Data excerpts:
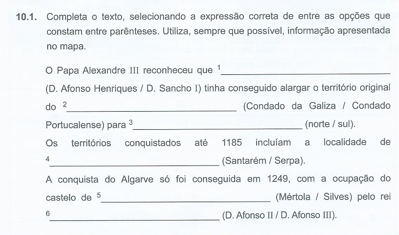Formação do reino de Portugal/Reconquista - exercício
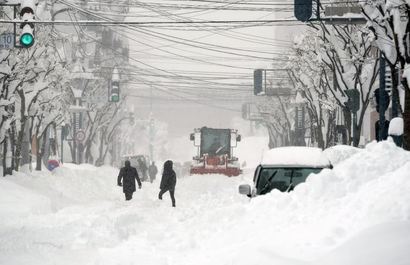Japonská meteorologická agentúra označila studený front, ktorý prináša do Japonska masívne sneženie, za najsilnejší za niekoľko rokov. Najviac zasiahnutý bol ostrov Hokkaido, najsevernejší hlavný ostrov Japonska a pobrežie Japonského mora, kde napadlo neuveriteľné množstvo snehu.
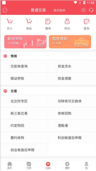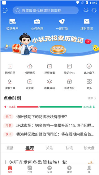 3、进入软件后,到首页可以看到:极速开户。业务办理、一键打新、理财商场;
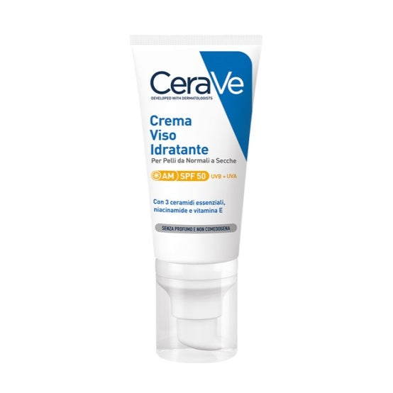Moisturizing Face Cream SPF 50 is a light and hydrating face cream for daily use, with high SPF 50 protection against UVB/UVA rays and 3 essential ceramides to help protect the skin's natural barrier and leave skin soothed and hydrated for up to 24 hours. Thanks to CeraVe's patented release system, MVE technology, this light cream offers a continuous release of ingredients, providing hydration for up to 24 hours. The skin is soothed and hydrated and appears balanced. Contains Vitamin E and Niacinamide, leaves the skin soothed and hydrated
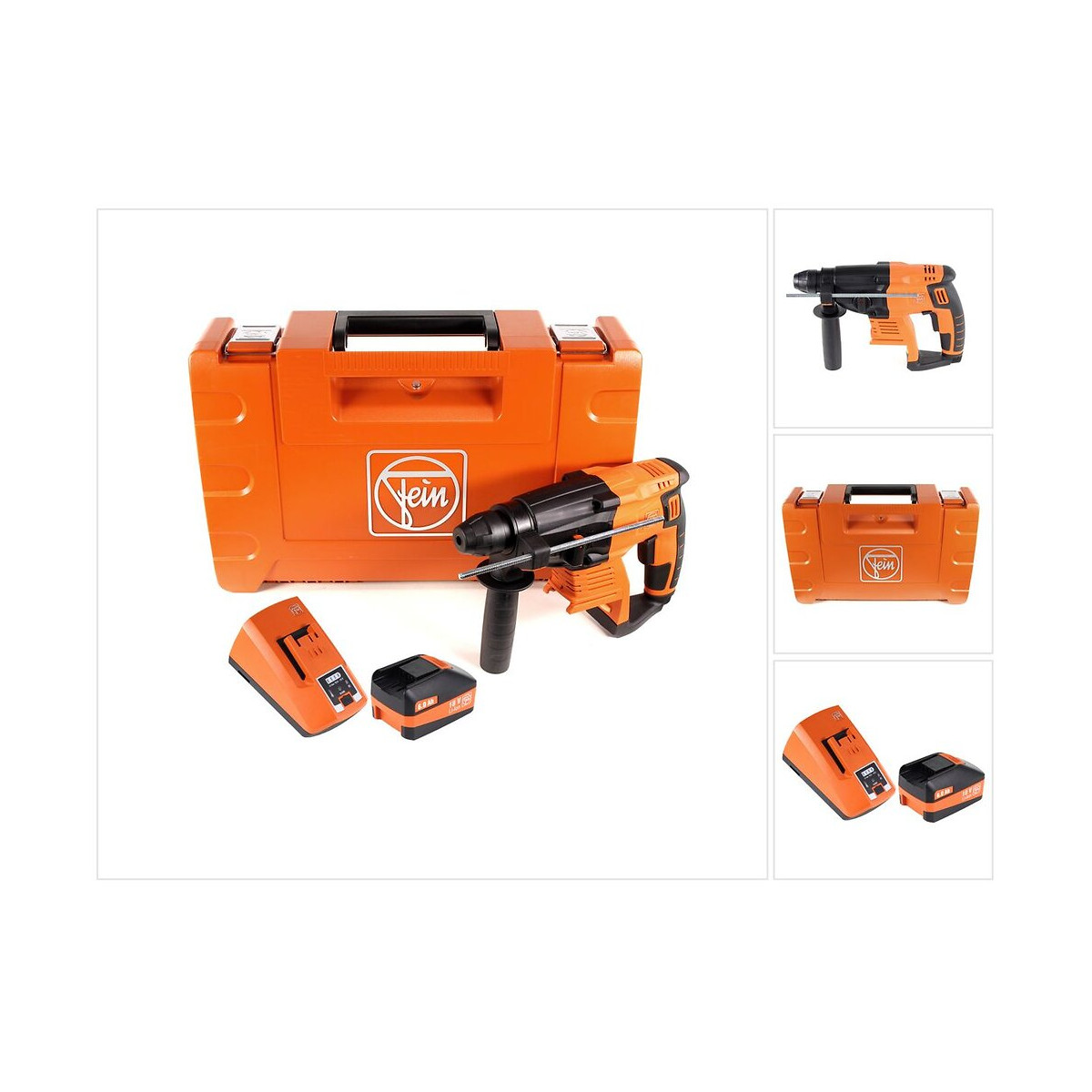 Contenu de la livraison: - 1x FEIN ABH 18 Perforateur-burineur sans fil 2.0J 18V SDS-plus Brushless (71400164000) - 1x Batterie FEIN 6.0 Ah (92604175020) - 1x Chargeur rapide FEIN ALG 80 (92604180010) - 1x Boîte à outils en plastique FEIN - 1x Poignée à main - 1x Butée de profondeur Description du produit: L'ABH 18 de FEIN est un marteau perforateur sans fil extrêmement compact et puissant avec une énergie d'impact de 2 J pour le perçage dans le béton jusqu'à 20 mm. La machine convainc par une progression de travail élevée grâce au moteur sans balais avec une énergie d'impact élevée et un travail sans fatigue grâce à sa conception compacte et ses faibles vibrations. De plus, l'utilisateur et la machine sont protégés par un couplage de sécurité et une protection contre les surcharges. Le marteau combiné de FEIN est livré avec trois fonctions: le forage au marteau, le perçage et le burinage et est extrêmement faible en vibration avec seulement 12 m / s². La technologie FEIN SafetyCell protège la batterie et la machine contre les surcharges, les surchauffes et les décharges profondes. Spécifications techniques: Marteau perforateur sans fil FEIN ABH 18 Tension des piles: 18 V Énergie d'impact: 2,0 J Porte-outil: SDS-plus Moteur: sans balais Régime de ralenti: 0-1200 tr/min Nombre de coups: 0-4400 cps/min Poids sans batterie: 2,30 kg Perçage Ø acier: 13 mm Foret Ø béton: 20 mm Foret Ø bois: 22 mm Foret Ø maçonnerie: 68 mm Niveau de pression acoustique: 88,4 dB (A) Niveau de puissance acoustique: 99,4 dB (A) Incertitude (K): 3 dB Batterie FEIN 18V 6.0 Ah Li-Ion Tension: 18 V Capacité: 6 Ah Type de cellule: lithium-ion Chargeur rapide FEIN ALG 80 Tension de charge de la batterie: jusqu'à 18 V Courant de charge: 8 ampères Interface USB Affichage LED Poids: 680 g
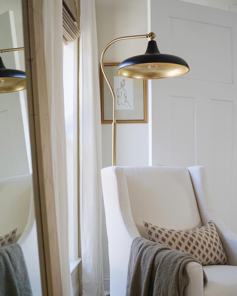 I talked about the lamp earlier, but in addition to providing task lighting for this corner, it is also a beautiful statement piece. I love the way the black and brass colors coordinate with the nightstands on the other side of the room, and how the subtle curves add another layer of softness to contrast the clean lines in the rest of the space.
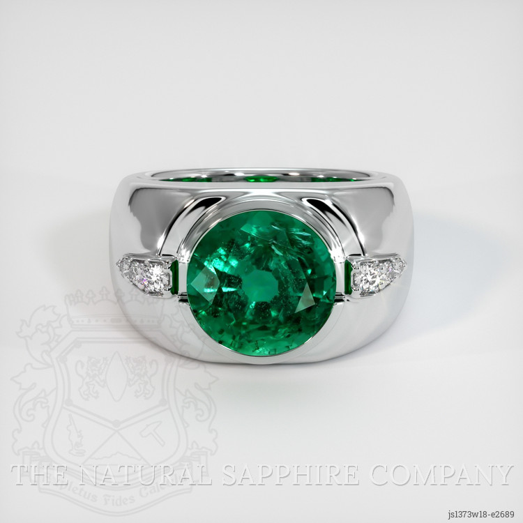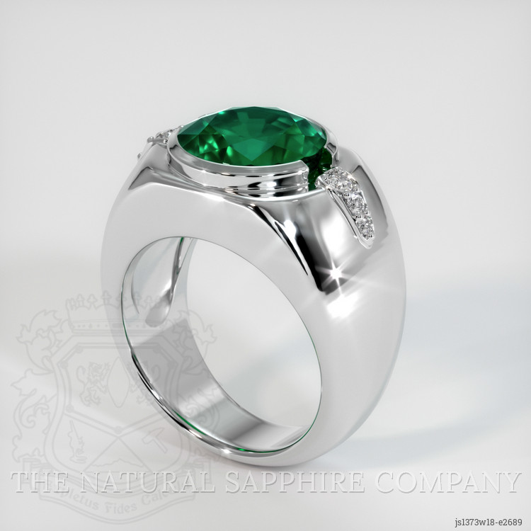 Men's Emerald Ring 3.85 Ct., 18K White Gold
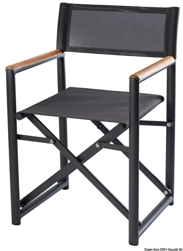 Struttura in lega leggera power coated, braccioli in teak e schienale in batylene resistente ai raggi UV, sole, intemperie, etc.
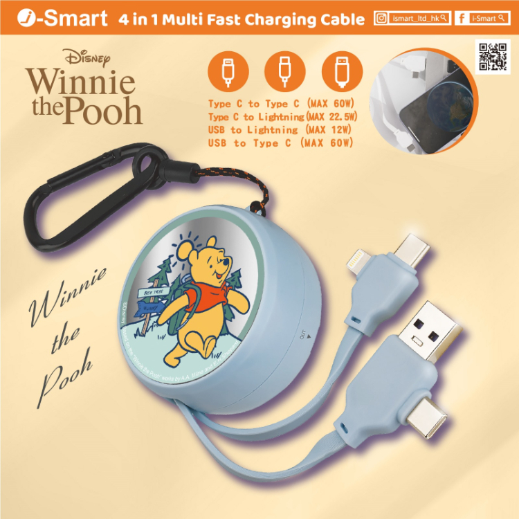 23242-PH 迪士尼 4合1快充伸縮充電線 #IS23-4811027 小熊維尼
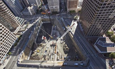 So just how massive is this concrete foundation? The total concrete pour volume is estimated at 21,200 Cubic Yards (CY). CalPortland, the concrete supplier, is expected to utilize 208 concrete trucks to each make 10 deliveries from one of nine batch plants. Turner will mobilize 19 pumps which will dispense the concrete through 13 different hoses into the pit. The entire pour process is expected to take 30 hours. The pit is reinforced with nearly 7 million pounds of reinforcing steel and the total estimated weight of the concrete will be 84 million pounds.
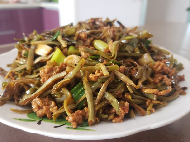 4:豇豆干入锅,加少许盐和白糖,煸炒,加适量水,闷一会儿,大火煸炒收汁。
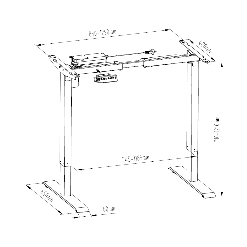 Kovová podnož má variabilní délku 85–129 cm a šířku 65 cm, což zaručí skvělou stabilitu. Napájení řeší kabel do klasické 230V zásuvky.
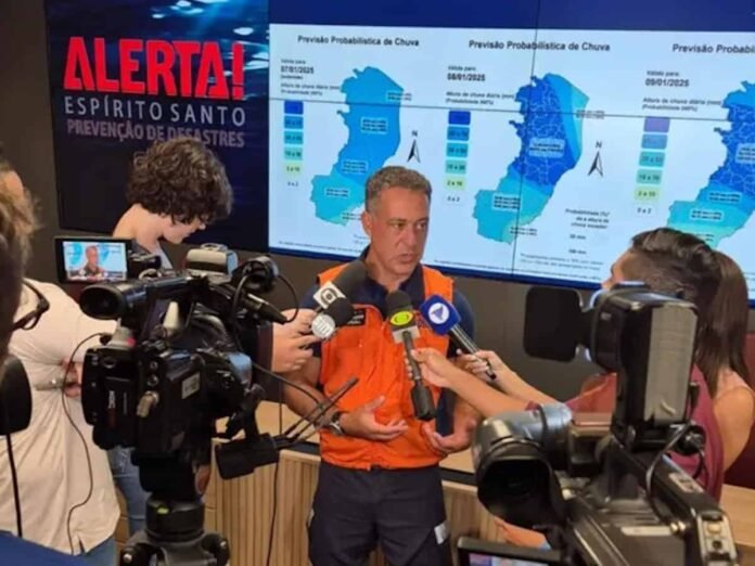 O Instituto Nacional de Meteorologia (Inmet) emitiu, nesta terça-feira (10), um alerta laranja para 47 municípios do Espírito Santo, devido à previsão de chuvas intensas, com volumes entre 30 e 60 mm/h ou 50 e 100 mm/dia, além de ventos fortes, com velocidades variando de 60 a 100 km/h.
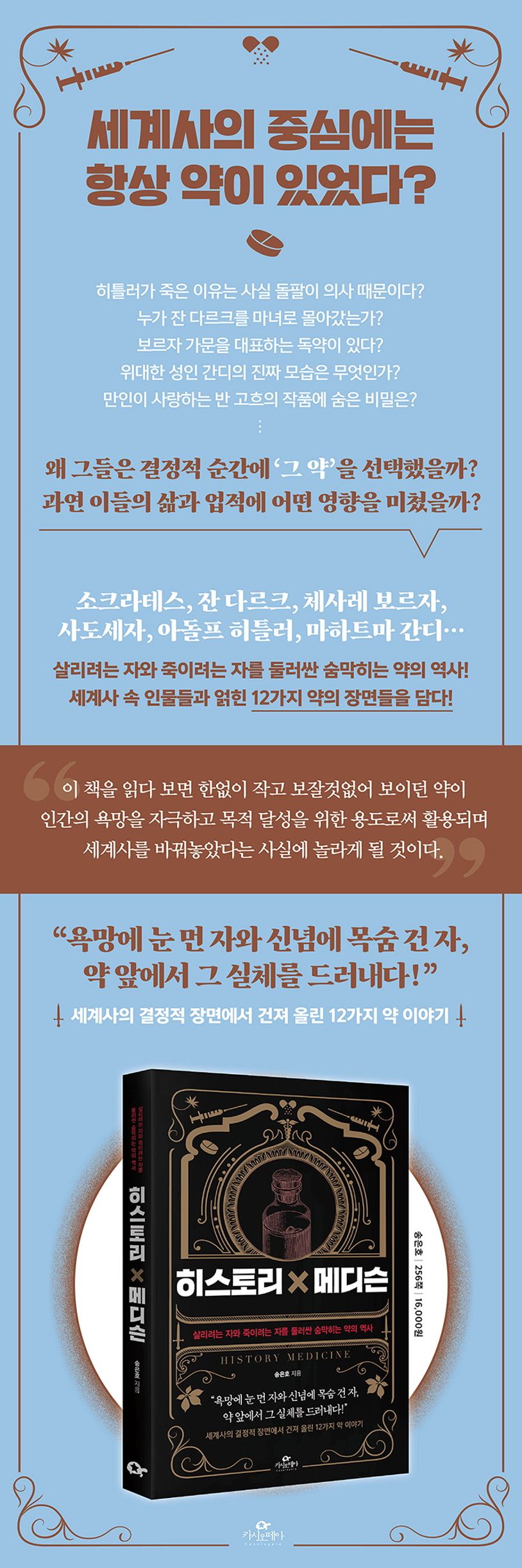 히틀러가 죽은 이유는 사실 돌팔이 의사 때문이다? 누가 잔 다르크를 마녀로 몰아갔는가? 보르자 가문을 대표하는 독약이 있다? 위대한 성인 간디의 진짜 모습은 무엇인가? 만인이 사랑하는 반 고흐의 작품에 숨은 비밀은? 그동안 우리가 주목하지 않았던 ‘약’을 통해 세계사를 파헤치는 책《히스토리×메디슨》이 카시오페아에서 출간됐다. ‘인문학 하는 약사’로 알려진 송은호 저자는 이 책에서 ‘약사’라는 전문성에 인문학적 지식을 더하는 자신만의 스토리텔링을 합쳐 살리려는 자와 죽이려는 자를 둘러싼 숨막히는 역사를 흥미진진하게 들려준다.
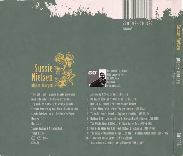 Sussie Nielsen: Pigens Morgen versie op CD in standaard editie. Deze specifieke uitgave werd uitgebracht in Denemarken bij uitgeverij GO' Danish Folk Music op 20. februari 2017. Album kan worden geclassificeerd als genre Folk, World, & Country.
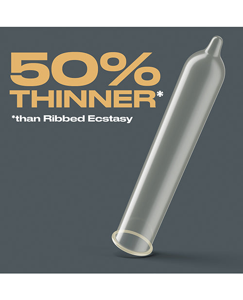 For the epitome of comfort and sensitivity, your search ends here. Trojan™ BareSkin™ condoms are renowned for their ultra-thin design, offering a more natural and heightened experience. These lubricated condoms take thinness to the next level, being 50% thinner than our Ultra Ribbed Ecstasy™ counterparts. It's not just a reduction in thickness; it's a doubling of pleasure.
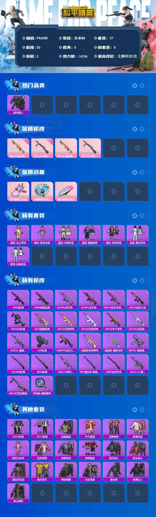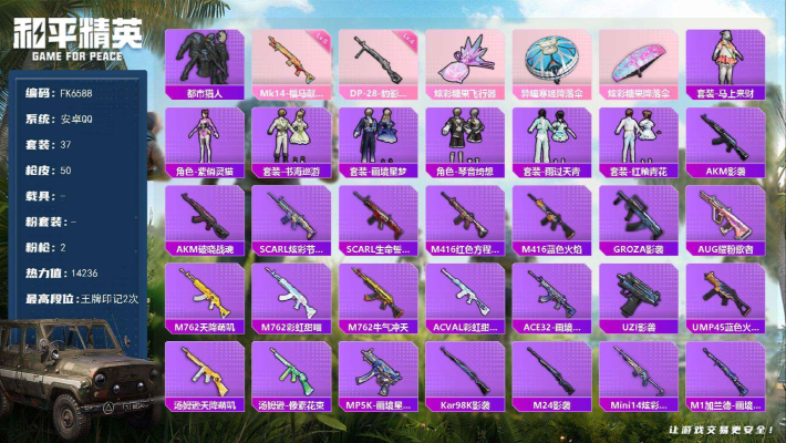 材号-都市猎人-双字ID-街舞达人-2特效枪】安卓 手Q-0粉装-2特效枪-0载具-1粉色飞行器-14236热力值-2王牌印记-37套装-50枪皮 【热门品类】:套装-都市猎人 【粉色枪皮等级】:Mk14-福马献瑞(五级),DP-28-豹影疾电(四级) 【粉色枪皮】:Mk14-福马献瑞,DP-28-豹影疾电 【粉色飞行器】:炫彩糖果飞行器 【粉色降落伞】:异瞳寒姬降落伞,炫彩糖
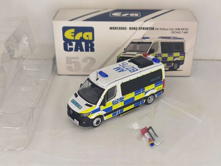 Brand : Mercedes Benz Model : Sprinter Description : 1/64 #52 2021 Mercedes Benz Sprinter HK Police Car (AM 8276),
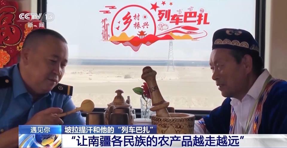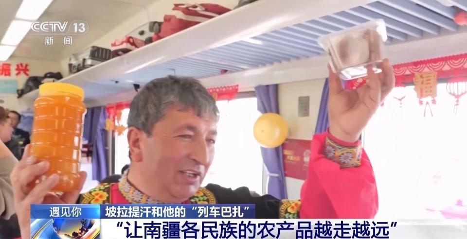 国铁乌鲁木齐局库尔勒客运段列车长坡拉提汗:南疆好多农民需要我们的帮助,能不能通过我们的公益小慢车,把农产品在车厢里面销售。库尔勒客运段党支部研究完了以后,他们说可以,也是大力支持我。
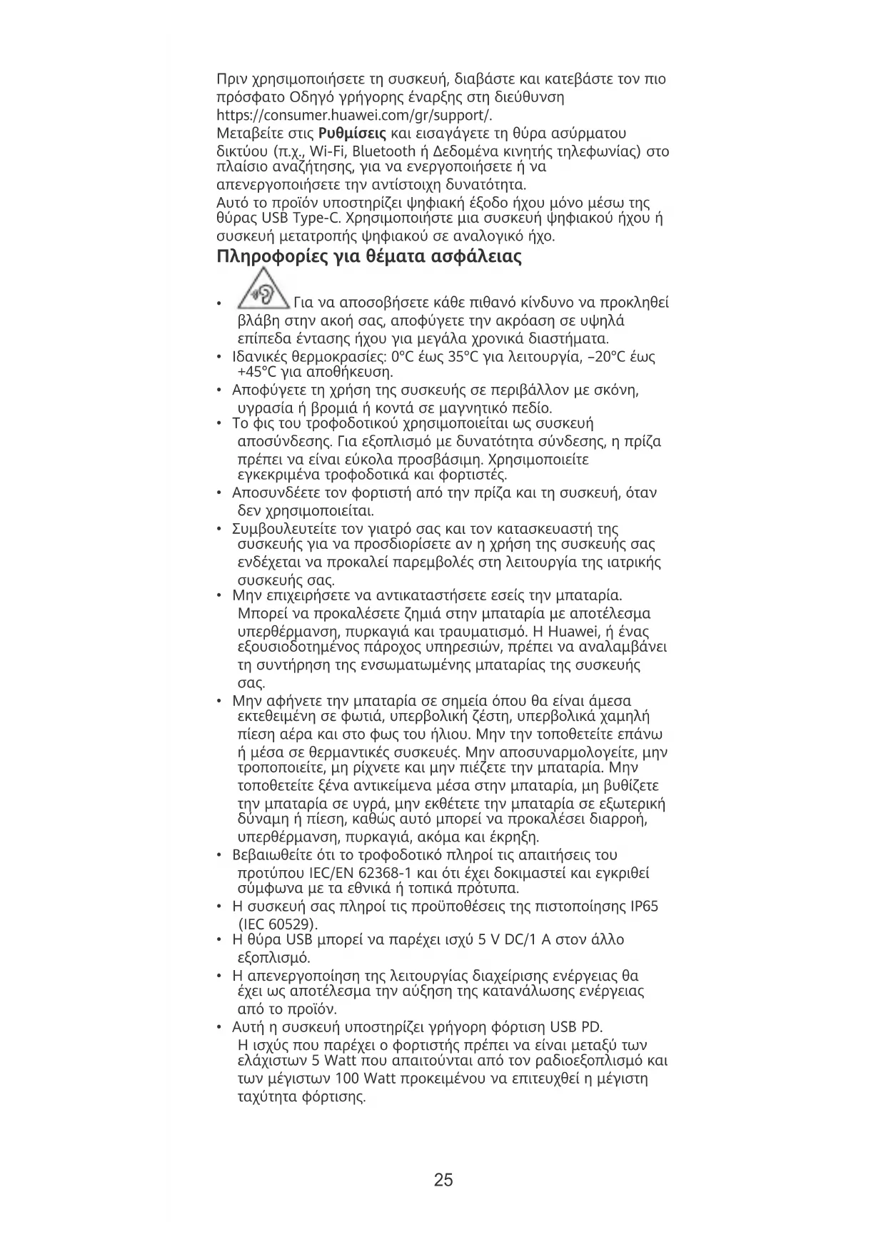 24Πριν χρησιμοποιήσετε τη συσκευή, διαβάστε και κατεβάστε τον πιο πρόσφατο Οδηγό γρήγορης έναρξης στη διεύθυνση https://consumer.huawei.com/gr/support/. Μεταβείτε στις Ρυθμίσεις και εισαγάγετε τη θύρα ασύρματου δικτύου (π.χ., Wi-Fi, Bluetooth ή Δεδομένα κινητής τηλεφωνίας) στο πλαίσιο αναζήτησης, για να ενεργοποιήσετε ή να απενεργοποιήσετε την αντίστοιχη δυνατότητα. Αυτό το προϊόν υποστηρίζει ψηφιακή έξοδο ήχου μόνο μέσω της θύρας USB Type-C. Χρησιμοποιήστε μια συσκευή ψηφιακού ήχου ή συσκευή μετατροπής ψηφιακού σε αναλογικό ήχο. Πληροφορίες για θέματα ασφάλειας
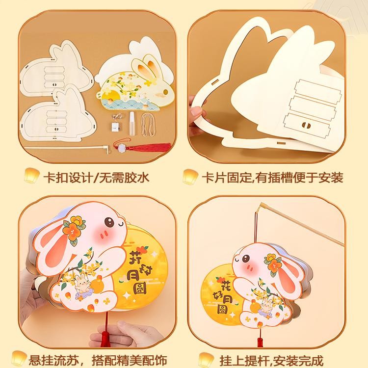 中秋节儿童自制手提灯古风自制手工diy材料包月兔灯笼花灯6幼儿园
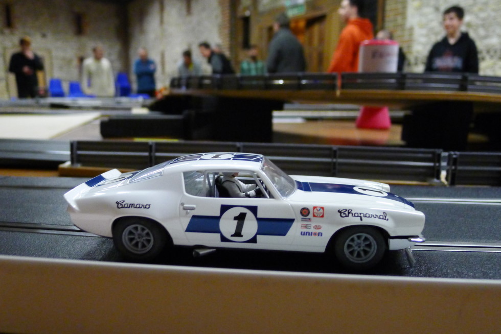 It was a cracking evening of Scalextric digital racing at the Barn last night. With twenty-six on the grid, it wasn't the biggest Digital Wednesday attendance we've seen (two 30s and a 28 eclipse it) - but the Trans-Am pairs race line-up of thirteen cars was a WHO/digital record.

§ **Exercise details**: Set down word for word the lines from the opening of the entries above through the line that contains "Moisturizing Face Cream", and omit every picture.

§ **Task response**:
Formação do reino de Portugal/Reconquista - exercício
Japonská meteorologická agentúra označila studený front, ktorý prináša do Japonska masívne sneženie, za najsilnejší za niekoľko rokov. Najviac zasiahnutý bol ostrov Hokkaido, najsevernejší hlavný ostrov Japonska a pobrežie Japonského mora, kde napadlo neuveriteľné množstvo snehu.
 3、进入软件后,到首页可以看到:极速开户。业务办理、一键打新、理财商场;
Moisturizing Face Cream SPF 50 is a light and hydrating face cream for daily use, with high SPF 50 protection against UVB/UVA rays and 3 essential ceramides to help protect the skin's natural barrier and leave skin soothed and hydrated for up to 24 hours. Thanks to CeraVe's patented release system, MVE technology, this light cream offers a continuous release of ingredients, providing hydration for up to 24 hours. The skin is soothed and hydrated and appears balanced. Contains Vitamin E and Niacinamide, leaves the skin soothed and hydrated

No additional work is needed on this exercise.